Available data
******
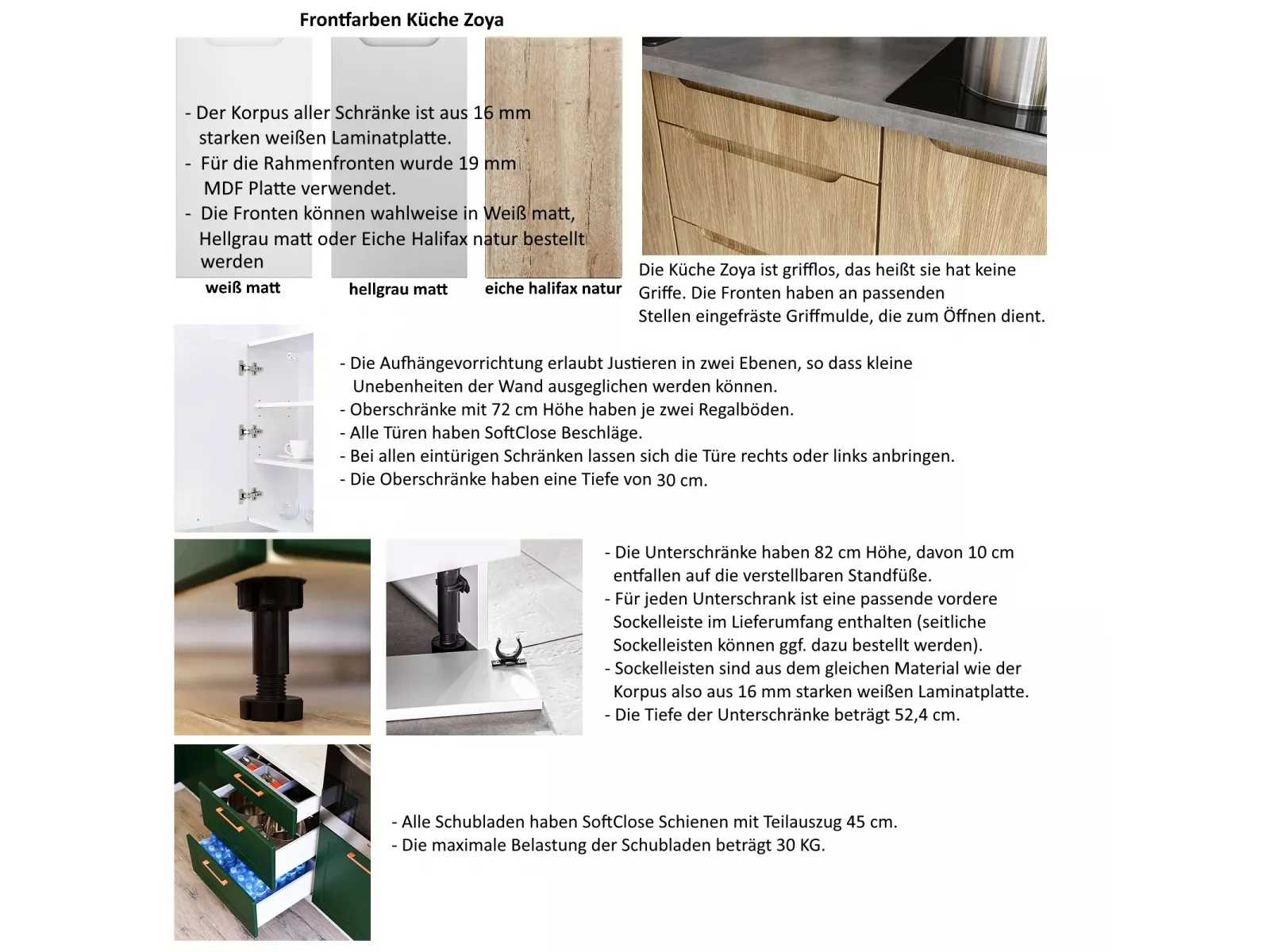 - Alle Schubladen haben SoftClose Schienen mit Teilauszug 45 cm. Die maximale Belastung der Schubladen beträgt 30 KG.
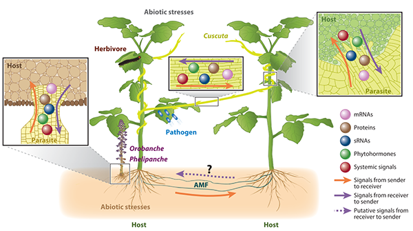 自然界中,植物并不是孤立存在的,而是经常与其他生物产生形式各异的互动。植物与植物之间,通过地上和地下部分产生的挥发物,以及利用根际分泌物“交流”互作,已得到科学界的较深入研究。 日前,中国科学院昆明植物研究所吴建强研究员团队受邀在著名国际期刊《植物生物学综述年刊》上发表关于植物与植物间通信的综述文章。 一系列的研究表明,寄生植物与寄主间可以进行物质与信号交流;此外,丛枝菌根真菌的菌丝也能在地下连接各种植物根系,形成庞大的菌根网络,在不同宿主植物间传递信号与物质。
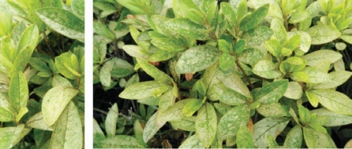 杜鹃冠网蝽是锦绣杜鹃的主要虫害,苏州地区1年5代左右,花后期杜鹃冠网蝽开始在叶片背面少量刺吸危害,叶面点状失绿。在5月上中旬开始大量实施刺吸危害,叶背黏附黑色点状排泄物,叶面泛白(图2-219),严重影响锦绣杜鹃叶片的光合作用能力。杜鹃冠网蝽在危害初期明显易辨,一旦危害则不可逆,公共绿地中鲜见防控到位的锦绣杜鹃,其根源全在于喷洒作业不到位。
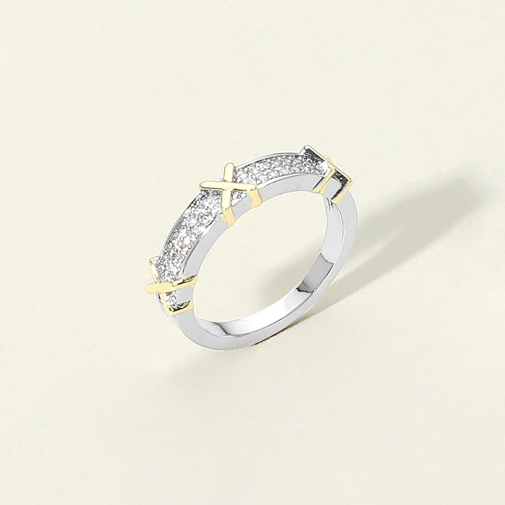 Details • Size : 0.2" H • Add modern sophistication to your look with this two-tone band ring featuring elegant X-shaped accents and sparkling pave detailing. Its sleek, timeless design blends classic charm with contemporary flair, perfect for elevating everyday wear or evening ensembles. • CZ Cubic Zirconia
******
Exercise goal
Give back the data exactly. Skip any images.

Solution for this exercise
 - Alle Schubladen haben SoftClose Schienen mit Teilauszug 45 cm. Die maximale Belastung der Schubladen beträgt 30 KG.
 自然界中,植物并不是孤立存在的,而是经常与其他生物产生形式各异的互动。植物与植物之间,通过地上和地下部分产生的挥发物,以及利用根际分泌物“交流”互作,已得到科学界的较深入研究。 日前,中国科学院昆明植物研究所吴建强研究员团队受邀在著名国际期刊《植物生物学综述年刊》上发表关于植物与植物间通信的综述文章。 一系列的研究表明,寄生植物与寄主间可以进行物质与信号交流;此外,丛枝菌根真菌的菌丝也能在地下连接各种植物根系,形成庞大的菌根网络,在不同宿主植物间传递信号与物质。
 杜鹃冠网蝽是锦绣杜鹃的主要虫害,苏州地区1年5代左右,花后期杜鹃冠网蝽开始在叶片背面少量刺吸危害,叶面点状失绿。在5月上中旬开始大量实施刺吸危害,叶背黏附黑色点状排泄物,叶面泛白(图2-219),严重影响锦绣杜鹃叶片的光合作用能力。杜鹃冠网蝽在危害初期明显易辨,一旦危害则不可逆,公共绿地中鲜见防控到位的锦绣杜鹃,其根源全在于喷洒作业不到位。
 Details • Size : 0.2" H • Add modern sophistication to your look with this two-tone band ring featuring elegant X-shaped accents and sparkling pave detailing. Its sleek, timeless design blends classic charm with contemporary flair, perfect for elevating everyday wear or evening ensembles. • CZ Cubic Zirconia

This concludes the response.